I'm a pandas beginner.

I have the following data:

a = [{"content": '1', "time": 1577870427}, 
     {"content": '4', "time": 1577870427},
     {"content": '2', "time": 1577956827},
     {"content": '3', "time": 1580548827}, 
     {"content": '4', "time": 1580635227},
     {"content": '5', "time": 1583054427}, 
     {"content": '6', "time": 1583140827}]

And I want:

2020-01: [
     {"content": '1', "time": '2020-01-01'},
     {"content": '4', "time": '2020-01-01'},
     {"content": '2', "time": '2020-01-02'},
    ]

    2020-02: [
     {"content": '3', "time": '2020-02-01'}, 
     {"content": '4', "time": '2020-02-02'},
    ]

    2020-03: [
     {"content": '5', "time": '2020-03-01'}, 
     {"content": '6', "time": '2020-03-02'}
    ]
Alan Kavanagh
  • 9,425
  • 7
  • 41
  • 65
xin.chen
  • 964
  • 2
  • 8
  • 24

2 Answers2

2

You can convert column time to datetimes by to_datetime with unit parameter and for custom format use Series.dt.strftime:

df = pd.DataFrame(a)
d = pd.to_datetime(df['time'], unit='s')
df['time'] = d.dt.strftime('%Y-%m-%d')
g = d.dt.strftime('%Y-%m')

d1 = {k: v.to_dict('r') for k, v in df.groupby(g)}
jezrael
  • 822,522
  • 95
  • 1,334
  • 1,252
0

first you should convert your list of dictionaries into a pandas DataFrame.

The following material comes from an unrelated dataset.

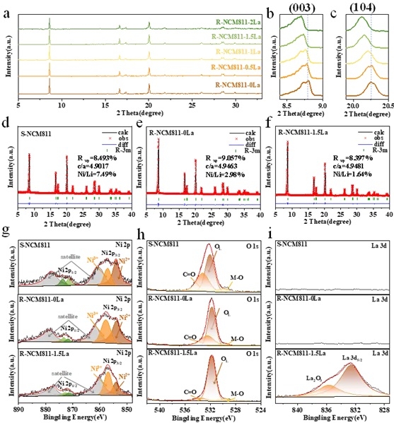 图3.(a) R-NCM811-0La、R-NCM811-0.5La、R-NCM811-1La、R-NCM811-1.5La和R-NCM811-2La样品的XRD谱图;(b, c) R-NCM811-0La、R-NCM811-0.5La、R-NCM811-1La、R-NCM811-1.5La和R-NCM811-2La样品的(003)和(104)衍射峰放大图;(d, e, f) S-NCM811、R-NCM811-0La和R-NCM811-1.5La样品XRD数据的Rietveld细化;(g) S-NCM811、R-NCM811-0La和R-NCM811-1.5La样品的Ni 2p XPS图谱比较;(h) S-NCM811、R-NCM811-0La和R-NCM811-1.5La样品O 1s XPS图谱比较;(i) S-NCM811、R-NCM811-0La和R-NCM811-1.5La样品的La 3d XPS图谱比较。

As you can see here, this is rather easy:

import pandas as pd
data = pd.DataFrame(a)

next you want to convert your time column into date-time objects rather than integers. The best way I know to do this is the to_datetime function in pandas. Please see the documentation for further Details.

data['time'] = pd.to_datetime(data['time'], unit = 's') #should do the trick, but could not test yet...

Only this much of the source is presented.